Posted on May 04, 2015

Three words you'd use to describe yourself?
Unwavering. Independent. Precise.

What piece of work are you most proud of and why?
The piece I am most proud of is a pro bono project we did with VocaliD who makes human-sounding synthetic voices for people suffering from speech disabilities. I found them while listening to the founder, Rupal Patel’s, TED talk. I was so inspired by her mission and after I heard her talk I reached out to the general email address on the VocaliD website, and Rupal was the one who responded.

We shared the same vision for her company and quickly decided that radio would be the most impactful way to express her message, since it’s a medium that is solely focused on voice. I’m proud of the creative, but I’m more proud of being in service to a company that’s changing lives for the better. With the amount of skepticism people have toward advertising, it’s important we take every opportunity to put our creativity towards making the world a better place.

How'd you end up in this industry?
I had a really non-traditional path. I started out working in small print shops, and then in magazine publishing—but I wasn’t fulfilled. I ended up leaving a salaried job to take an internship at Innocean. I had no formal training in advertising, and barely knew what an Art Director was, but I knew this was the industry I wanted to be in. I started out at the very bottom, making decks for presentations, but I made it my mission to be a success. I took every opportunity to over perform. Eventually they hired me as a freelance designer, and then as a full-time Art Director. I’ve been so lucky to have supporters at Innocean, who saw my talent and pushed me to reach my full potential. It’s important to me to do the same for other young women.

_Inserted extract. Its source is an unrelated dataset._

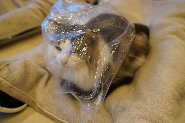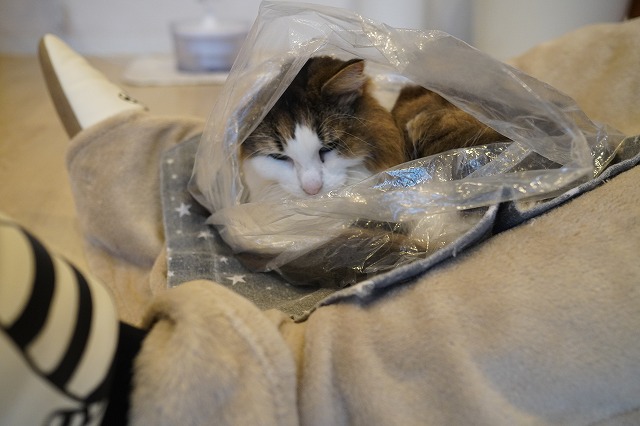 昔は普通におひざ乗りしたのでビニール袋で本来の人懐っこさを発揮したボンボンちゃん

Your first ad ever ran during the Super Bowl. How do you continue to up your game?
The Super Bowl was a surreal experience. As a junior, I was definitely the underdog—but I thrived on that. I have a bad habit of setting high expectations for myself. There have been meetings where I am the only woman in the room, and that just pushes me harder. I’m always looking at talented people who have more experience than me, and pushing myself to be just as good as they are.

You also design furniture for your husband's company. How has that influenced you as a creative?
Having other creative outlets is so important. It’s easy to get caught up in work and it can quickly become the only thing you think about. Your experiences influence your work. The world around you serves as inspiration. Many times my best ideas have come out of talking to a friend, or flipping through a magazine. The more you expose yourself to, the better a creative you become.

Any advice for young female creatives, just starting out?
The single most valuable piece of career advice I’ve received was from my Dad. He told if someone tells you, “You can’t” they really mean, “I can’t.” If you let your naysayers become fuel for your success, there’s no goal you can’t achieve.

When you’re more junior, you have the opportunity to really surprise people. I think that’s especially true for women in a male-dominated industry. As a minority, we naturally stand out. Why not use that to your advantage?